Myth! Oh, myth!
No, no, I don’t have a speech impediment.
I’m just ticked to see a formerly respectable writer fall for an old anti-conservative canard. Over on the HMS blog, everybody’s favorite Catholic radio shrink Greg Popcak is engaged in a dispute about Bp. Gregory’s cautiously anti-war letter.
Here Greg responds with an erroneous example to one of his co-bloggers’ statements:
#1. The bishops made a prudential judgement. We are free to disagree with it by making our own prudential judgement.

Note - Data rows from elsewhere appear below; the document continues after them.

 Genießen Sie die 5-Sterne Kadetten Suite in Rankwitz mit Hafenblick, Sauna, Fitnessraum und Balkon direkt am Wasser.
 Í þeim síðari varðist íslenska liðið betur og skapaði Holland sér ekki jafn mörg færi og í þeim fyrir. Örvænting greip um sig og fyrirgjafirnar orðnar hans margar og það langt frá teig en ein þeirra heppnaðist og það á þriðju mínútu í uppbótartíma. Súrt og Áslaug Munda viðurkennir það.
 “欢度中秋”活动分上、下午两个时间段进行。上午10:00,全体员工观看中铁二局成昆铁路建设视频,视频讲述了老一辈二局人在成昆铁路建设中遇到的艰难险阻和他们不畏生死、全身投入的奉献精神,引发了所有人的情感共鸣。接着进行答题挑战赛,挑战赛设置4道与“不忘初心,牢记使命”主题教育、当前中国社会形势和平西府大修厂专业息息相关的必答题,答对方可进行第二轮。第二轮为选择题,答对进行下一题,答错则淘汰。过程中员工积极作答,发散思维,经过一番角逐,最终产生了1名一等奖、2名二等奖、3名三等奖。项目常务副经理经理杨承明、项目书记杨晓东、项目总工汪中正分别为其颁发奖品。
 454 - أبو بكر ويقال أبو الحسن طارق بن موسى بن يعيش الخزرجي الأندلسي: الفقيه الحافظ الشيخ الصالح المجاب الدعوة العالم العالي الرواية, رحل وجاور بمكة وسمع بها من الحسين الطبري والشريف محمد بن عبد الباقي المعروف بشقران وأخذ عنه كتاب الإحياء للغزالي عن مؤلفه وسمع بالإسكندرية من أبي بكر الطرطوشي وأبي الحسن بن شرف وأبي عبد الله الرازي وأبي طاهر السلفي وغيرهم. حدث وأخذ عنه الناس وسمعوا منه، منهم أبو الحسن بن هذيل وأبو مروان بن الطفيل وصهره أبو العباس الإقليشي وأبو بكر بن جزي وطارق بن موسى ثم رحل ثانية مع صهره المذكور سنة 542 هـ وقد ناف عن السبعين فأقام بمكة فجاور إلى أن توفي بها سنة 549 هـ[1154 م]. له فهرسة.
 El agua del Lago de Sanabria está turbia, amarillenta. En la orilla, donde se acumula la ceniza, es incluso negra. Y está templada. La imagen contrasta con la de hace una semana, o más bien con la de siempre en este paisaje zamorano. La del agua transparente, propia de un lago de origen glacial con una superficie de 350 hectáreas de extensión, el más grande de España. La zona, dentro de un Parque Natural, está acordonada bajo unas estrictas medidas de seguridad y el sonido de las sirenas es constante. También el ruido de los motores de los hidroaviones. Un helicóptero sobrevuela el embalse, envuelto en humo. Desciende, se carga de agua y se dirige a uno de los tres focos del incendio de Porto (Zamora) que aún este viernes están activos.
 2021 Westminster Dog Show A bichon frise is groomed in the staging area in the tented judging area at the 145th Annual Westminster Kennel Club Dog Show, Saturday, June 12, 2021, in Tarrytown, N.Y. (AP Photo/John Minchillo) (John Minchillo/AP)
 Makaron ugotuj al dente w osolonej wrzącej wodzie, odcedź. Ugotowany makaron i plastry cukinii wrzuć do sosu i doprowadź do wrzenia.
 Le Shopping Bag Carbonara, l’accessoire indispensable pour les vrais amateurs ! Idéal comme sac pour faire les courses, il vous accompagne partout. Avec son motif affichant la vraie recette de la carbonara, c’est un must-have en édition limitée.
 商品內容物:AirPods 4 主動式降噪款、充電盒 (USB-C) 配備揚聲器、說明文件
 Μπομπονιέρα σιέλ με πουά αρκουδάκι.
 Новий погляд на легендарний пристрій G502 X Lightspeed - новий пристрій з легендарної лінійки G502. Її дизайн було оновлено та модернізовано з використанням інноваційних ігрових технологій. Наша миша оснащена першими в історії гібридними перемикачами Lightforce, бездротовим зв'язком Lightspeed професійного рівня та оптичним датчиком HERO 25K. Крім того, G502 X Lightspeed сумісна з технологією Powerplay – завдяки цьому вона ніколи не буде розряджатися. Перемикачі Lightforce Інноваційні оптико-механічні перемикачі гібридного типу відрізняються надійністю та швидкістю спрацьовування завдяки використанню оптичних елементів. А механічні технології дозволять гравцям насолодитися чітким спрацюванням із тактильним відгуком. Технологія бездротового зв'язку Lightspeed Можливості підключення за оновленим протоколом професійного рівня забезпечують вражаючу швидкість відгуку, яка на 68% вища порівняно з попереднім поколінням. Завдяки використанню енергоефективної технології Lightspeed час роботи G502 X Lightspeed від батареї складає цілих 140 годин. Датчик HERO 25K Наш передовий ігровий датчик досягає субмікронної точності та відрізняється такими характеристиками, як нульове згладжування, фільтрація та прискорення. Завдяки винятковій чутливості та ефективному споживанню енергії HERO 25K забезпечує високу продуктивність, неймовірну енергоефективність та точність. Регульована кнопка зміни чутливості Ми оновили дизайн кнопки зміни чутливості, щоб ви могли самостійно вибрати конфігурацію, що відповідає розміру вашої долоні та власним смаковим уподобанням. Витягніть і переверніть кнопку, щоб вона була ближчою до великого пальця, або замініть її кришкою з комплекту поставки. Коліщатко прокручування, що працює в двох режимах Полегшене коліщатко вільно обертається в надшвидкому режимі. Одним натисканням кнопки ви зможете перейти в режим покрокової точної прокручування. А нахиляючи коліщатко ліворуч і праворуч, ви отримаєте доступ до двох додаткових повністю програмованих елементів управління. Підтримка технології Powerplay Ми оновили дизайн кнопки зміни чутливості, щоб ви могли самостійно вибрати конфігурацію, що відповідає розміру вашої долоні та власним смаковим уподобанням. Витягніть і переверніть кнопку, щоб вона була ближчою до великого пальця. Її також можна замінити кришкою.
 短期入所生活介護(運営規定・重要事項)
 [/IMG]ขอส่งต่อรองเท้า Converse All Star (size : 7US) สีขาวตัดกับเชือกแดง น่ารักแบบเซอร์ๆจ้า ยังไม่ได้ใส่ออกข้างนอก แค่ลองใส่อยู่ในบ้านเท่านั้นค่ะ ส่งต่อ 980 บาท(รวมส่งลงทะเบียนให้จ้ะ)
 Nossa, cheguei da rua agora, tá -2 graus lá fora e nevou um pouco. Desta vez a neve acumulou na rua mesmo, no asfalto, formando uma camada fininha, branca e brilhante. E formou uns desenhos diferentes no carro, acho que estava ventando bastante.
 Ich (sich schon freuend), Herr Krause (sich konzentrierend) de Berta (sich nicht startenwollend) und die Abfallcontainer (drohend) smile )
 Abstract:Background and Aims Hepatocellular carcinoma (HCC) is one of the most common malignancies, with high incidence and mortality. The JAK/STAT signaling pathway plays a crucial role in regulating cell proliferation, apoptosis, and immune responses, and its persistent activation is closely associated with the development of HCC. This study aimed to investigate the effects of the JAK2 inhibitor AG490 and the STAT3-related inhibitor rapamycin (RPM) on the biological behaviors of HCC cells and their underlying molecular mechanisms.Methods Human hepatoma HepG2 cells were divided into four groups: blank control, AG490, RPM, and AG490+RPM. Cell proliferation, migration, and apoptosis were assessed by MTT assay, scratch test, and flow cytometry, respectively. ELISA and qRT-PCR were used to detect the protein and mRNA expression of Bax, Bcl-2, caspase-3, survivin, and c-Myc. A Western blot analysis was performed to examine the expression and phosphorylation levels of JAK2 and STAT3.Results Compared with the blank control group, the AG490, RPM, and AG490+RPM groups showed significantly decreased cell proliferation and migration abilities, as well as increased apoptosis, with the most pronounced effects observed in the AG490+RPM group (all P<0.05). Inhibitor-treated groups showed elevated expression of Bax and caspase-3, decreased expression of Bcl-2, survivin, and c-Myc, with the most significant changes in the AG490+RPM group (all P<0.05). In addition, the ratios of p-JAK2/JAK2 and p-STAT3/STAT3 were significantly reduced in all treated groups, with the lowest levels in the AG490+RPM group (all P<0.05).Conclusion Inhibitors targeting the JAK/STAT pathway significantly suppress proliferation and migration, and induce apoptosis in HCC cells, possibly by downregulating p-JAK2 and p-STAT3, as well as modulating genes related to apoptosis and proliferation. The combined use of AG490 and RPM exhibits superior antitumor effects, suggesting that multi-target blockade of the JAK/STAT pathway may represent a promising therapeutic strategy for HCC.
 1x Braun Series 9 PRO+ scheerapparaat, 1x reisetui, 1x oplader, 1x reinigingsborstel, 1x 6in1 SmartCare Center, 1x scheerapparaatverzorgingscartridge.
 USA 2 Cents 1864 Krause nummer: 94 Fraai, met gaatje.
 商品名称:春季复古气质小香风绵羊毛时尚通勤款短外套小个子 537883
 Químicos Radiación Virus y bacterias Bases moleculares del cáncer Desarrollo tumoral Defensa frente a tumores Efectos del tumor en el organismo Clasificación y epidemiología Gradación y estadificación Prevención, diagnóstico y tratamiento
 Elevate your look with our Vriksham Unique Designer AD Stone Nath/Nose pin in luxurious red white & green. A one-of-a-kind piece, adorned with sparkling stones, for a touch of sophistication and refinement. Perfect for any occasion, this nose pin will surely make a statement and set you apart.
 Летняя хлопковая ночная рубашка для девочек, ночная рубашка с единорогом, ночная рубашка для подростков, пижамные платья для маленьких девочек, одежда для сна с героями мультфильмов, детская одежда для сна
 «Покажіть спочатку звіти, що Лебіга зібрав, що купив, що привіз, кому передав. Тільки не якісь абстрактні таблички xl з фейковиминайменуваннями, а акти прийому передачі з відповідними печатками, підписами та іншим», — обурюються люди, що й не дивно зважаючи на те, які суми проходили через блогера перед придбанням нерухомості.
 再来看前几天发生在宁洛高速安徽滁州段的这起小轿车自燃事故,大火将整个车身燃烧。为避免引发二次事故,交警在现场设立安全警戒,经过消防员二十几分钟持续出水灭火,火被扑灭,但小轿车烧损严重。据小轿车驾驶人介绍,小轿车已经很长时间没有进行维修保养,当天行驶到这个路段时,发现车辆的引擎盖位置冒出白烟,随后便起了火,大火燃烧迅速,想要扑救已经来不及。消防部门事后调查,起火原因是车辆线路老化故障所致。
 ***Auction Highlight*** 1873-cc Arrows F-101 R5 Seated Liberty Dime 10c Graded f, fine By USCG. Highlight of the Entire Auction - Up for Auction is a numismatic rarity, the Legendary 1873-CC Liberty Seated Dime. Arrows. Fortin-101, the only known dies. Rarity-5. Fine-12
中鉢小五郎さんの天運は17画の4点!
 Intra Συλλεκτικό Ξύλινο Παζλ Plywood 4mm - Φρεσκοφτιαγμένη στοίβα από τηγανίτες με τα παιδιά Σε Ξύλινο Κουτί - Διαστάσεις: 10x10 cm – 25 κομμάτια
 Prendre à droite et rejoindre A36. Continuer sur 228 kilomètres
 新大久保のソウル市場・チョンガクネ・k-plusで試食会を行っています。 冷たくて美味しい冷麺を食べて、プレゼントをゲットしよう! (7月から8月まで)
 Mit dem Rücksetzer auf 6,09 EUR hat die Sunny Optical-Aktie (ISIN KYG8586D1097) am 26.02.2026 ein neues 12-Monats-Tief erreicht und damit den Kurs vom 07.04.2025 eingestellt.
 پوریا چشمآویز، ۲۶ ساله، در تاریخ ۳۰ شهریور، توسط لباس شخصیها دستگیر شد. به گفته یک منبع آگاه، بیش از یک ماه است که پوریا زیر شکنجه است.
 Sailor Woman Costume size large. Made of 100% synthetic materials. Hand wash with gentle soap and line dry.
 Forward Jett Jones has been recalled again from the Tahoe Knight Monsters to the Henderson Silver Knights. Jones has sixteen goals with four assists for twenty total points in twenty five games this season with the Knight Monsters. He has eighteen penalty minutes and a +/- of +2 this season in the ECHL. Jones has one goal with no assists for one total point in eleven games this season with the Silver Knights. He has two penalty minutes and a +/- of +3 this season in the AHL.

Here is my struggle with this statement. The “prudential judgement” argument is overused, mostly by liberals, to disagree with everything that they don’t like about what the Church says. Conservatives use it this way too (Bill Buckley’s famous article, “Mater Si, Magistra, No!” for example), usually about Capital punishment, but there are other issues, and when they do, they lose any and all credibility–with me at least. [sic]
Before Greg goes layin’ a rap on the credibility of Catholic conservatives, he should check out his own sources. That “famous article” of Bill Buckley manifesting a clear dissent against Bl. Pope John’s encyclical never happened.
This myth has been floating around for a long time, and the original quip has been inflated beyond all reality. It appeared 12 August 1961 in National Review as an unsigned item:
Going the rounds in conservative circles: ‘Mater si, magistra no’.
Clearly a joke, not a headline, not a manifesto. Not even Buckley’s own words. Some people credit them to Garry Wills, who also wrote for NR.
Greg, you know you can’t believe all the stuff liberals say about us Catholics.